# Data retention law passes in the Australian senate. Service providers will be required to store your



## MannDude (Mar 26, 2015)

In short: Phone and internet service providers (and I assume hosting companies) operating in Australia will need to maintain metadata records of customer activity for a 2 year period in order to assist with law enforcement upon request.

Information required to be recorded include:


Names, addresses, birthdates, financial information
Phone data such as numbers called and messaged
Computer and internet IP addresses



> Metadata – which includes call records, visited web site addresses, location information, billing data and other related data (but not content) – will be stored for two years in a location decided by the individual service provider.


Companies now have 18 months to prepare and deploy solutions to accommodate this, which of course will come at a large cost for most. The data is not required to be stored within Australia and can be stored overseas in places with stronger privacy laws and how and where the data is stored is a choice left to the impacted companies.

I do not see how this would not impact web-hosting companies based out of Australia and would expect that they would be required to comply as well.

You can read more here: http://techgeek.com.au/2015/03/26/data-retention-in-australia-passes-the-senate/


----------



## willie (Mar 26, 2015)

This is a bummer.  I've been using fastmail.com for email since they are one of the most privacy conscious email providers.  Their servers are in the US and elsewhere, but the company is based in Australia.  I wonder if they are affected.


----------



## trewq (Mar 26, 2015)

willie said:


> This is a bummer. I've been using fastmail.com for email since they are one of the most privacy conscious email providers. Their servers are in the US and elsewhere, but the company is based in Australia. I wonder if they are affected.
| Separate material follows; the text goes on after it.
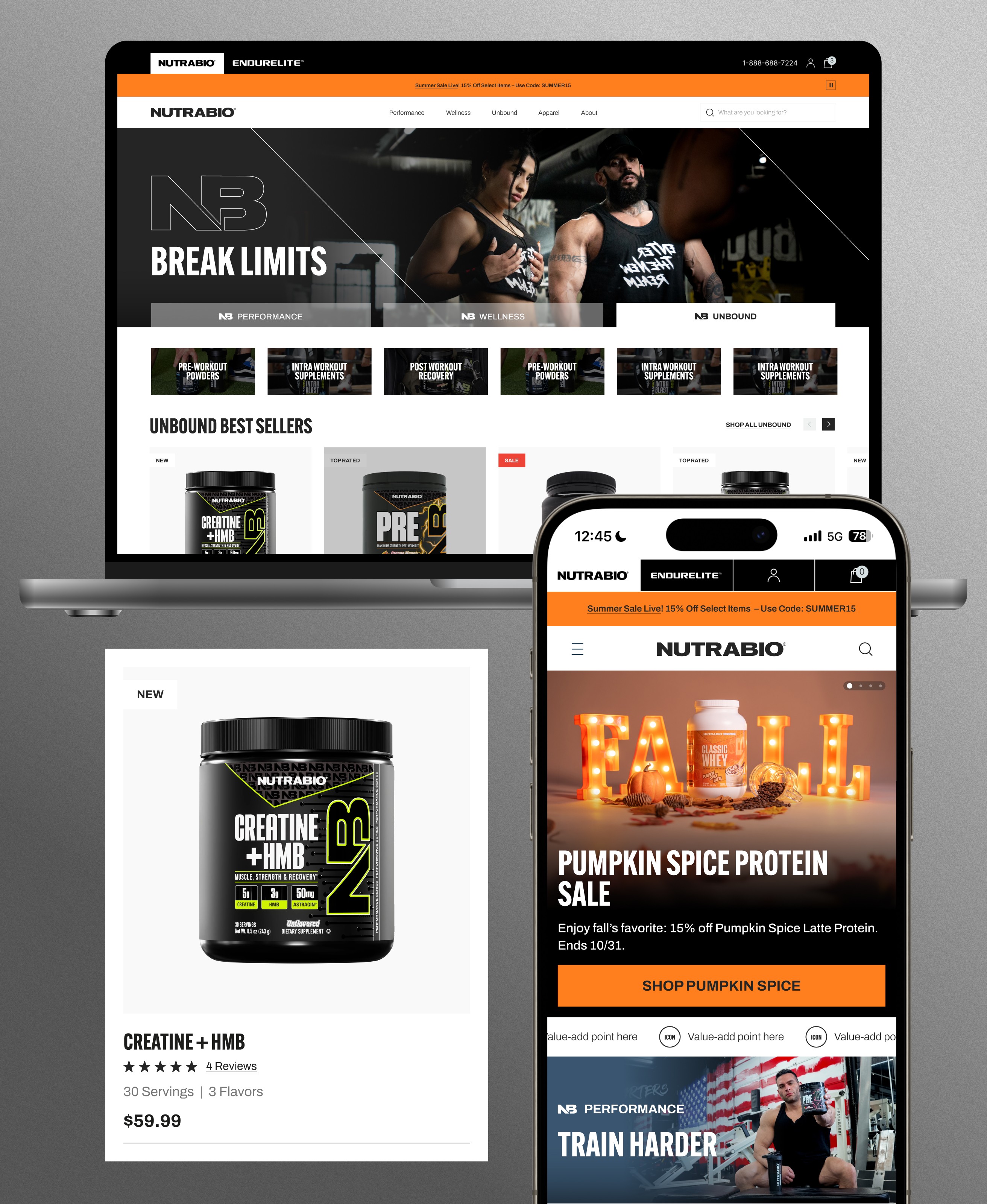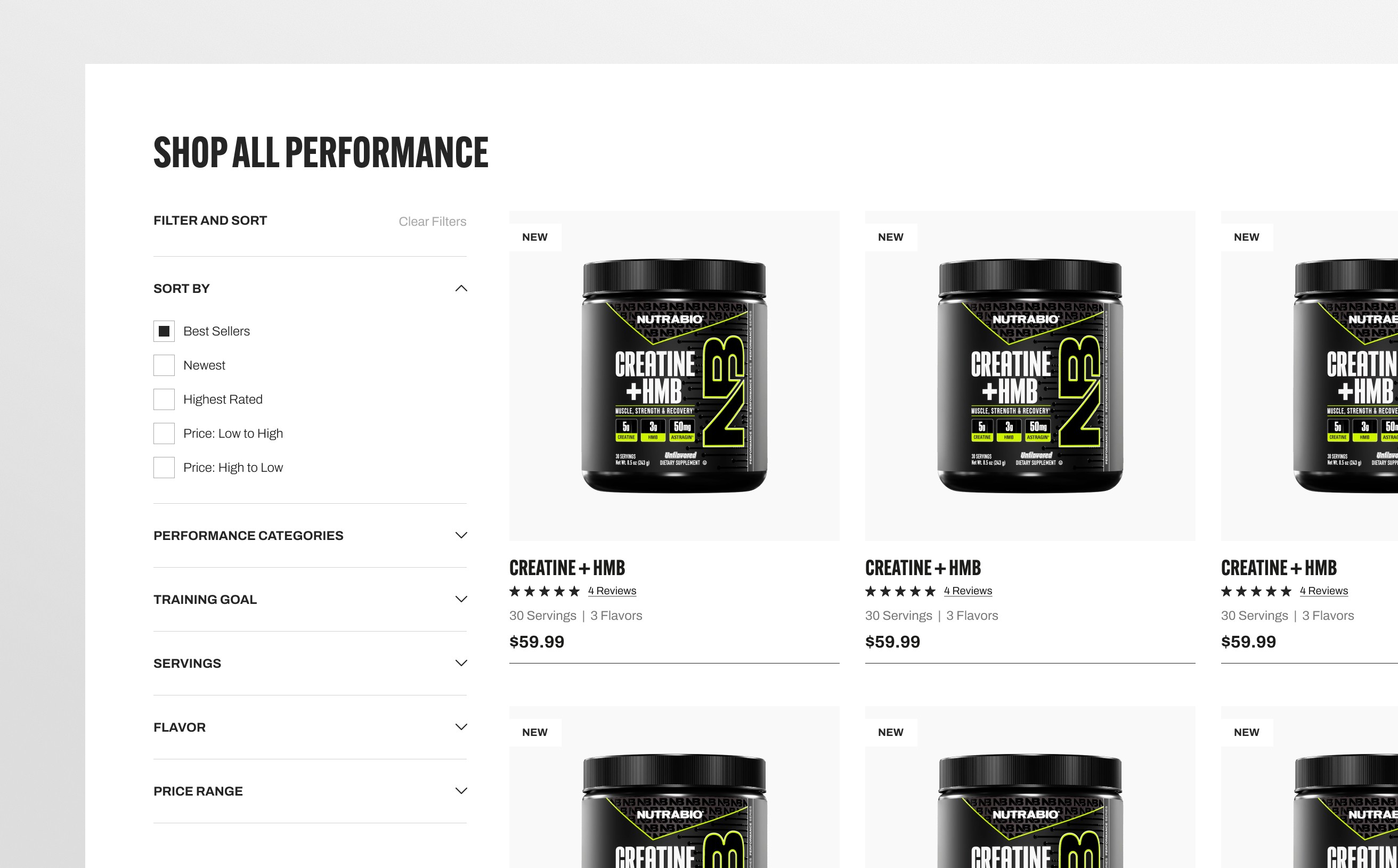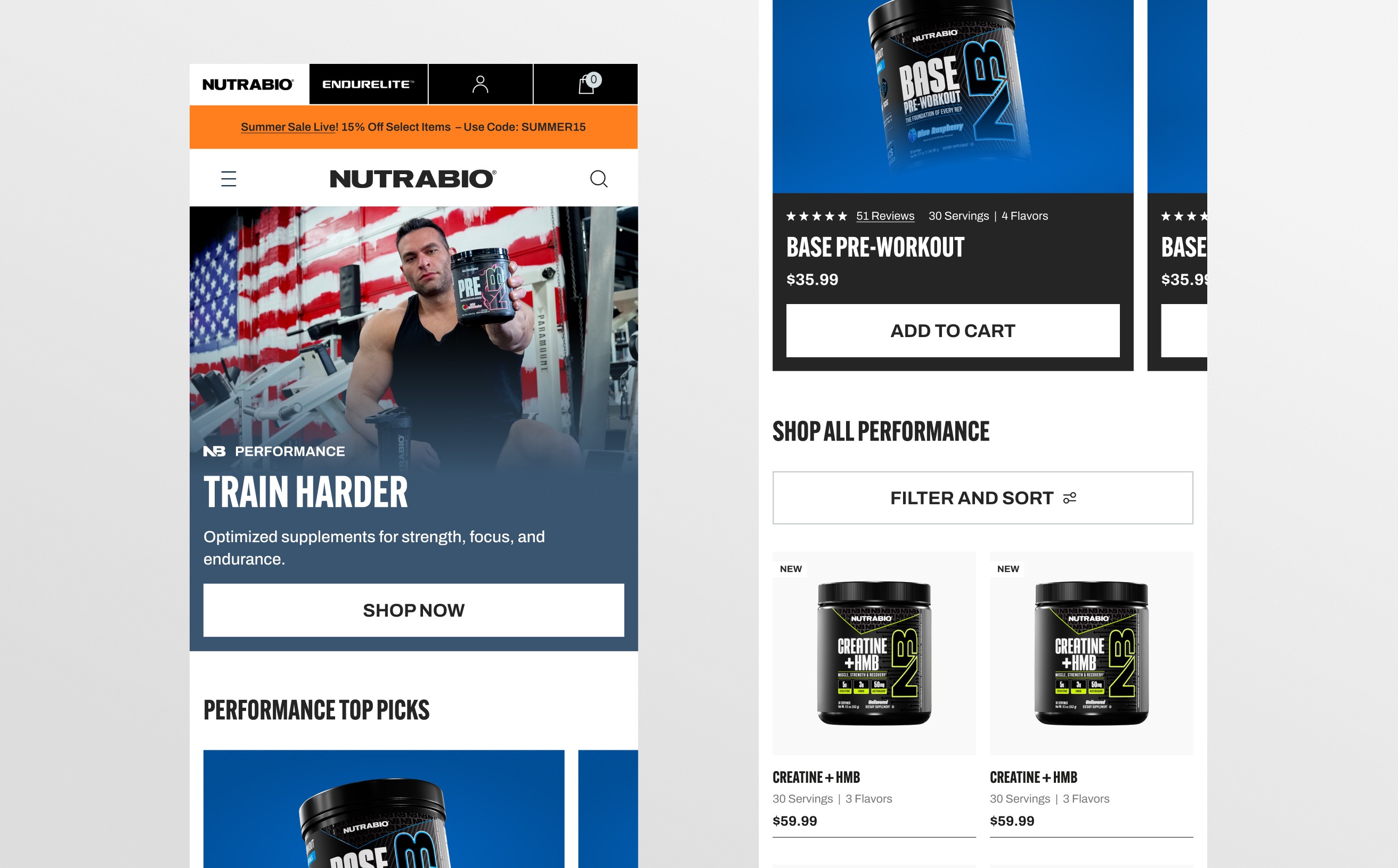 The redesign delivered a more premium, conversion-focused eCommerce experience aligned with NutraBio’s scale and market position.

Web mail, Web hosting and VPS hosting are not covered by these laws as far as I can tell and from what I have read.


To buy these services you are not normally in business with a carrier provider, the host is.


@Oliver might be able to enlighten us about the requirements of VPS providers in Australia. That is if he is even aware yet, the law is pretty vague and their is a lot of confusion with that's actually covered and who can request the data.


----------